Подобрав топор, стоявший у порожка, Даша отважно стукнула в окно.

— Входи, входи, человек добрый! — тихий, ласковый позвал голос.

Тепло, чисто было в избушке. На лежаке, устланном полстью, лежал белый, как лебедь, старик. Был он большой и сильный, светлый лицом. Огненные блики из камелька играли на складчатых щеках. Лицо без единой лишней морщинки. Глаза в седых длинных ресницах глядели весело и бесстрашно. Брови при всей прочей седине остались черны, не заволосели, как бывает у слишком старых людей.

Пораженная светлым величием старика, Дарья Борисовна оробела, стала искать икону, чтоб перекреститься. Хозяин зашелестел смешком:

— Не ищи, деушка. Иконы в часовенке держу. Здесь сам живу, зверяток прикармливаю. Оголодали, поди?

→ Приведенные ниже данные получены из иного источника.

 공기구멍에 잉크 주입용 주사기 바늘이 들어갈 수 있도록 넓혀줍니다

— Три дня не емши, — призналась Даша, словно оправдание, выставив перед собой немого. — От своих отбились.

— А я хвораю… дохварываю уж, — просто сказал старик и, собрав силы, поднялся. — Вон там, в чугуне, суп сварен. Наливай. Щас хлебушка принесу, — и вышел, волоча ногу.

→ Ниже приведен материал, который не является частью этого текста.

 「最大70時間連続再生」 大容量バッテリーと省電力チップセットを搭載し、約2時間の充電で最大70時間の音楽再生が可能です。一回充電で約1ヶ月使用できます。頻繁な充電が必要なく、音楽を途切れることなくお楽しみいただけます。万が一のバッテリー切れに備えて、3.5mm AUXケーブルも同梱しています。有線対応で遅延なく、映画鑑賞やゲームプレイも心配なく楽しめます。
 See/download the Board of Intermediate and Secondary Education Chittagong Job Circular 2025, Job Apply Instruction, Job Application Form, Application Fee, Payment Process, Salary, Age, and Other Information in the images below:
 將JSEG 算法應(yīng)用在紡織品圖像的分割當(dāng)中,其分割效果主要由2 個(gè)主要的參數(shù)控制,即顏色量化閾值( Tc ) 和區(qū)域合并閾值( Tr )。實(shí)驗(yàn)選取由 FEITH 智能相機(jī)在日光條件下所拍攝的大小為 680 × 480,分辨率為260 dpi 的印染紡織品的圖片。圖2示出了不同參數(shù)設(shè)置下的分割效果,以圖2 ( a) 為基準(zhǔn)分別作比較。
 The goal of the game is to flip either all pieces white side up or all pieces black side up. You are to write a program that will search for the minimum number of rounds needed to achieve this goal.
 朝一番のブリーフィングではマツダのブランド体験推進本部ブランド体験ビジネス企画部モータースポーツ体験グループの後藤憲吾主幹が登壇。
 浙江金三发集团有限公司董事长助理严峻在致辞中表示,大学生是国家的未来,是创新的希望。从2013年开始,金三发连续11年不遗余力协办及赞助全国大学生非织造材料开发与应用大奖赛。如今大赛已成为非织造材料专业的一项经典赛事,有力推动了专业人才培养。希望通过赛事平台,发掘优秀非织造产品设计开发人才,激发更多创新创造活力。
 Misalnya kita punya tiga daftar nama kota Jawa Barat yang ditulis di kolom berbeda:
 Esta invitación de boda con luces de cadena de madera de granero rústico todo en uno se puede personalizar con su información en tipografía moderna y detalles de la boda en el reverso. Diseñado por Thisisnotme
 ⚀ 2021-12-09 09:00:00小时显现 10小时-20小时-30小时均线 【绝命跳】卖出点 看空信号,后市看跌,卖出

Гонька присел на лежак, с которого только что встал хозяин, расслабил усталые ноги и вдруг рухнул на бочок и засопел, подложив под щеку ладошку. Даша хотела разбудить мальчика, но пожалела.

— Уснул? Видать, долгонько шли. Без нужды по лесам не ходят, — вернувшись с калачом, вздохнул старик. Не о себе вздыхал: жалел путников. — А ты покушай. Хлебушко сыроват, да уж какой есть, — хозяин дробно, со старческим дребезгом рассмеялся. Смеялся разно: то тихо, с камышиным шелестом, то с глухим звоном, словно ветерок бился в сухое, расщепленное дерево, то раскатисто, а то глухо. В беседе голос был чистый, отчетливый и текучий. Неспешно тек, как мед из сотов, и усыплял. Такому голосу против воли доверишься без опаски. И Даша доверилась.

— Имечко твое как?

— Даша… Дарья Борисовна, — принимаясь за суп, невнятно ответила Даша.

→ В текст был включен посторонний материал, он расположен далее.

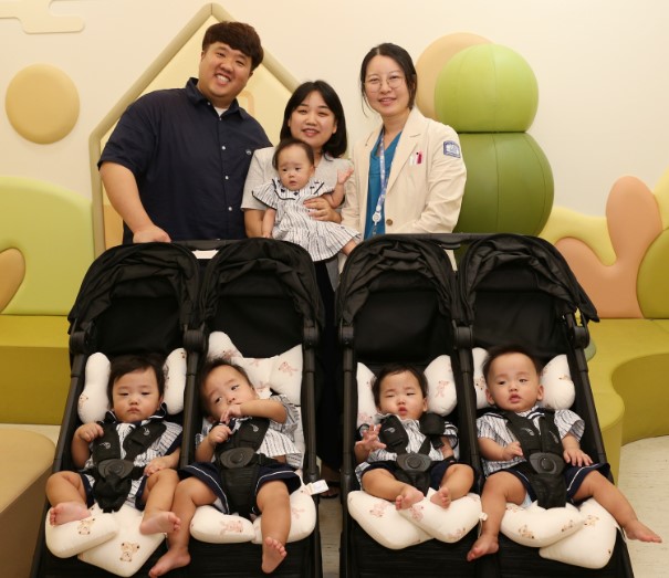 지난해 9월 20일 가톨릭대 서울성모병원에서 탄생한 다섯쌍둥이가 이들의 분만을 담당했던 홍수빈 산부인과 교수와 1년 만에 건강한 모습으로 재회했다. 미숙아로 세상에 나오자마자 2개의 신생아 중환자실에 나눠 입원하는 등 천신만고를 겪었다.
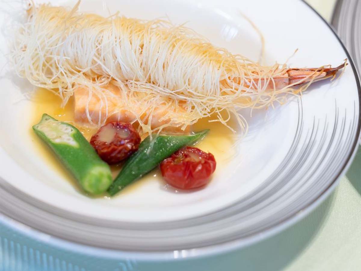 ふたりの大好物・エビを取り入れた特別メニュー。見た目も華やかで、味わいも印象的な一皿に。大切なゲストへ「好き」を共有するおもてなしです。
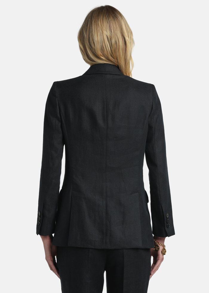 Klasikinio silueto švarkas iš gryno lino, išsiskiriantis lengvumu ir natūraliu elegantiškumu. Vienaeilis modelis su derančios spalvos saga ir subtiliais skeltukais nugaroje užtikrina patogų judėjimą bei dailų silueto kritimą.
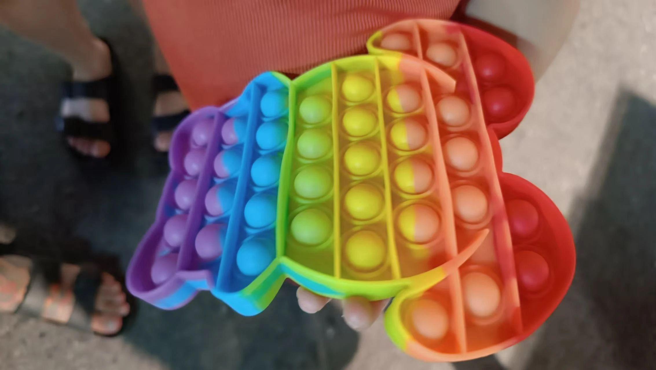 图片中主要元素是一个彩虹色的泡泡推按玩具,呈现出丰富的色彩和简单的几何形状。构图以玩具为中心,背景略显模糊,突出主体。色彩鲜艳,带来愉悦和轻松的情感表达,可能传达出童趣和放松的主题。
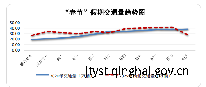 根据省公路局和省高速公路运营管理有限公司提供的历年数 据分析,近三年“春节”期间我省公路交通量呈增长趋势,交通量 分布呈现“西宁周边大、海西青南地区小”的特征, 其中交通量较 大收费站分别为 G6 京藏高速海东主线收费站、西宁西主线收费站, G0612 西和高速海东西主线收费站。2021 年“春节”期间日交通量 为 22.83 万辆;2022 年“春节”期间日交通量为 23.55 万辆;2023 年“春节”期间日交通量为 23.55 万辆;2024 年“春节”期间日交通 量为 32.70 万辆;2025 年“春节”(1 月 28 日-2 月 4 日)小长假 8 天,高速公路实行小型客车免费通行政策。预计交通量同比增加 10%左右,达到 36 万辆/日。1 月 27 日(腊月廿八)、1 月 28 日(除 夕)通往西宁道路交通量可能出现局部小高峰,随后交通量呈上升趋势,2 月 4 日(初七)西宁周边道路交通量可能出现小幅高峰, 2 月 5 日(初八)交通量将回落。高峰时段路网承压较重,尤其是在春节后返程的高峰时段,大流量路段将会出现明显的缓行拥堵。

— Не из простых, значит, — вывел старик. С ним удивительно легко было. Все понимая, многое без слов угадывая, он мало о чем спрашивал.

— Княжна я… Вышла за простого человека. Он потерялся… тревожусь, — повествовала Дарья Борисовна.

— Не тревожься. Выведу. Тут без меня оставаться рисково.

— Далеко ли собрался, дедушка? Прости, имя твое не знаю.

— Зови дедом Корнишей. А собрался — туда, — старик показал пальцем вверх, и Даша поняла, что он имел в виду, сказав, что дохварывает. — И пожил бы, да злыдень один… окаянный… порубил саблей. — Старик заголил на плече рубаху. Под ней зияла страшная рана, уже заросшая толстой коростой, но, видимо, доставлявшая невыносимую боль.

— Ой! Как же ты терпишь? — ужаснулась Даша.

— Я к боли привык. Вот, гляди, — старик сунул в камелек руку и держал ее, пока Даша, подскочив к нему, не выдернула. — Да ты не бойся. Боль тому досаждает, кто думает о ней. Я думаю о боге.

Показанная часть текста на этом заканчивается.